Asc399 Feb23

CONFIDENTIAL CD/FEB 2023/ASC399
UNIVERSITI TEKNOLOGI MARA

FINAL EXAMINATION
COURSE INSURANCE DATA ANALYTICS

COURSE CODE ASC399
EXAMINATION FEBRUARY 2023
TIME 2 HOURS
INSTRUCTIONS TO CANDIDATES
1. This question paper consists of four (4) questions.
2. Answer ALL questions in the Answer Booklet. Start each answer on a new page.
3. Do not bring any material into the examination room unless permission is given by the invigilator.
4. Please check to make sure that this examination pack consists of:
i. the Question Paper
ii. an Answer Booklet - provided by the Faculty
5. Answer ALL questions in English.
DO NOT TURN THIS PAGE UNTIL YOU ARE TOLD TO DO SO

This examination paper consists of 6 printed pages
© Hak Cipta Universiti Teknologi MARA CONFIDENTIAL

CONFIDENTIAL 2 CD/FEB 2023/ASC399
QUESTION 1
A campaign manager is interested in constructing a customer profile to predict whether the

voter will vote for their preferred party based on their profile condition.

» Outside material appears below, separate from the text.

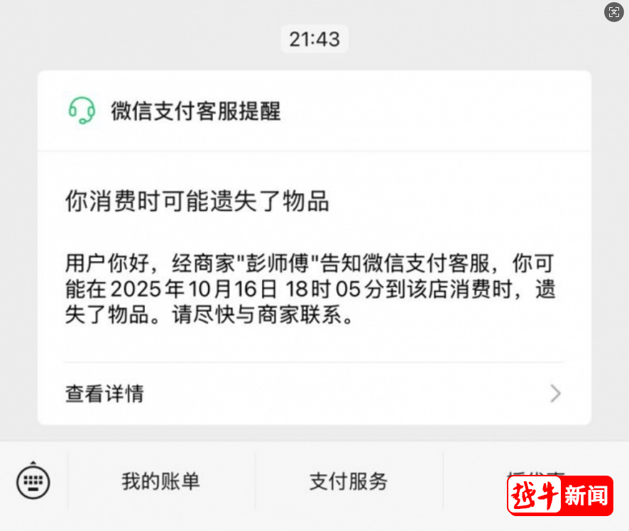 就在丁先生几乎放弃希望时,微信支付上一个“小红点”让他眼前一亮——系统提示“你消费时可能遗失了物品,请尽快与商家联系”。点开一看,竟是出租车司机彭师傅通过微信支付留言功能,发来了失物招领信息。

In this dataset, there
are three categorical attributes which are Age (Youth, Middle Aged and Senior), Location
(Rural and Urban), and Candidate (Charisma and Popular). Based on these 16 voters' data
information, answer the following questions.
ID Age Location Candidate Vote

1 Youth Urban Popular Yes
2 Middle Age Urban Charisma Yes
3 Senior Rural Popular No
4 Senior Urban Popular Yes
5 Youth Urban Charisma No
6 Middle Age Rural Charisma No
7 Middle Age Rural Popular No
8 Youth Urban Charisma Yes
9 Senior Rural Charisma Yes
10 Senior Urban Charisma No
11 Senior Rural Popular Yes
12 Youth Urban Popular Yes
13 Youth Urban Charisma No
14 Middle Age Urban Popular No
15 Youth Rural Popular Yes
16 Middle Age Rural Charisma Yes
a) Given the entropy value for Age is 0.9512.
i) Calculate the entropy value for Location and Candidate.

(6 marks)
ii) Based on i), determine the variable that should become the first splitting attributes as
the root node and explain the reason.
(2 marks)
iii) Draw the decision tree that can be obtained from ii).
(3 marks)

b) Two splitting alternatives using GINI as the splitting criterion produce the purity values as
shown below.
Split Alternative Purity Value

Variable A 0.8424
Variable B 0.1485
i) Which is consider as the best split? State your reason.

(3 marks)
ii) Information Gain is the basic criterion to decide whether a feature should be used to
split a node or not. It is also used to measure the reduction in entropy by splitting a
dataset according to a given value of a random variable.
Derive and explain the formula for Information Gain.
(3 marks)
iii) Given information as shown below:

Split 1 Split 2
Chi-square 12.4562389 27.9857342
df(r-1)(c-1) 1 1
p-value 0.000056 0.000049
logworth 5 10
Based on the table above, which split can be classified as the best split? Justify your
answer.
(3 marks)
QUESTION 2
a) The following is a two-way table on the distribution of smoking patients and the risk of
Heart Attack. Interpret the value of OR(Y=1)sm0ke if it is known that the odds ratio value is
3.
Heart Attack
Smoking Status Y=0 (Not at risk) Y=1 (At risk)
Non-Smokers 55 70
Smokers 45 30
(2 marks)

b) In SAS EMiner, the variable selection process can be done using a variable selection node
with two procedures related to correlation analysis and association analysis. Between
these two procedures:
• state which analysis is appropriate when the target is binary.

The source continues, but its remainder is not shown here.